News Release

NASA Exhibit, Experts To Be In Baltimore Focusing On Space Research Improving Earth-Based Health Care

Meeting Announcement

NASA/Marshall Space Flight Center News Center

Promising technologies for medical treatments -- enhanced by science experiments in space -- will be discussed by NASA representatives at the Baltimore Convention Center in Baltimore, Md., Feb.14-16.

The Biophysical Society's 43rd Annual Meeting will feature an exhibit highlighting NASA's biotechnology research efforts that may improve health care on Earth.

To advance scientific knowledge and develop new technologies to enhance the understanding of diseases, NASA-sponsored researchers grow protein crystals and cell cultures in near-weightlessness during Space Shuttle missions and ground experiments. Often, the crystals grow larger and have better structures than crystals grown on Earth.

Pure, precisely ordered protein crystals of large size are in high demand by researchers at universities and in the pharmaceutical industry.

Results from such space experiments and NASA's Commercial Space Center Program include a new drug -- developed by BioCryst Pharmaceuticals Inc. in Birmingham, Ala. -- that may be able to treat the flu, or influenza, which kills approximately 20,000 Americans each year and hospitalizes as many as 200,000, according to the Centers for Disease Control and Prevention in Atlanta, Ga.
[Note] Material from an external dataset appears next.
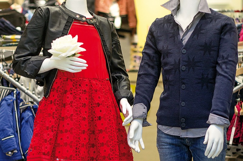 Nelle foto alcune proposte: per la femminuccia giubbino in ecopelle e vestito rosso (Guess)
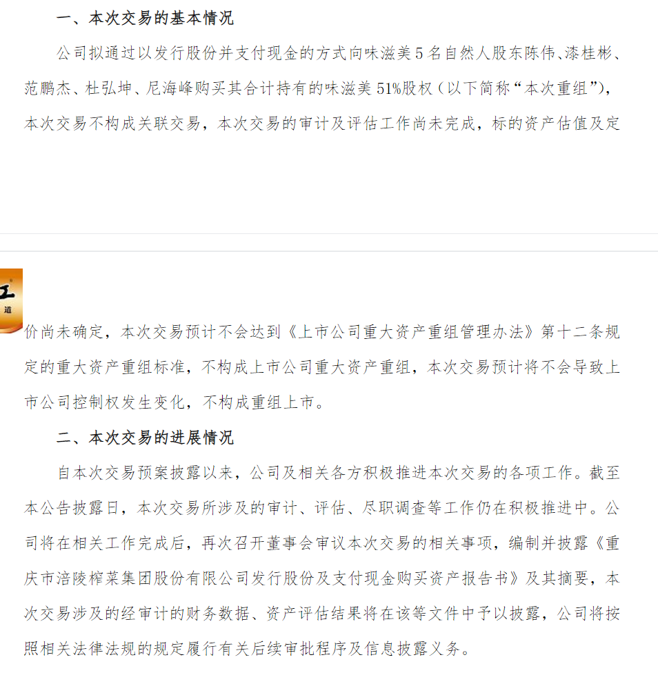 近日,涪陵榨菜再次发公告披露并购进展。根据公告,涪陵榨菜拟通过发行股份及支付现金购买四川味滋美食品科技有限公司(以下简称“味滋美”)51%股权。目前交易的审计及评估工作尚未完成,标的资产估值及定价尚未确定。

NASA's cell culture experiments have led to new research models in cellular and molecular biology. The technology developed for space research has been used successfully at the National Institutes of Health in Bethesda, Md., to study HIV, bacterium responsible for lyme disease and prostate cancer. NASA's biotechnology research results also have provided advances in the understanding of heart disease, diabetes, respiratory syncytial virus and hepatitis.

NASA's Biotechnology Research Program is led by the Microgravity Research Program at NASA's Marshall Space Flight Center in Huntsville, Ala.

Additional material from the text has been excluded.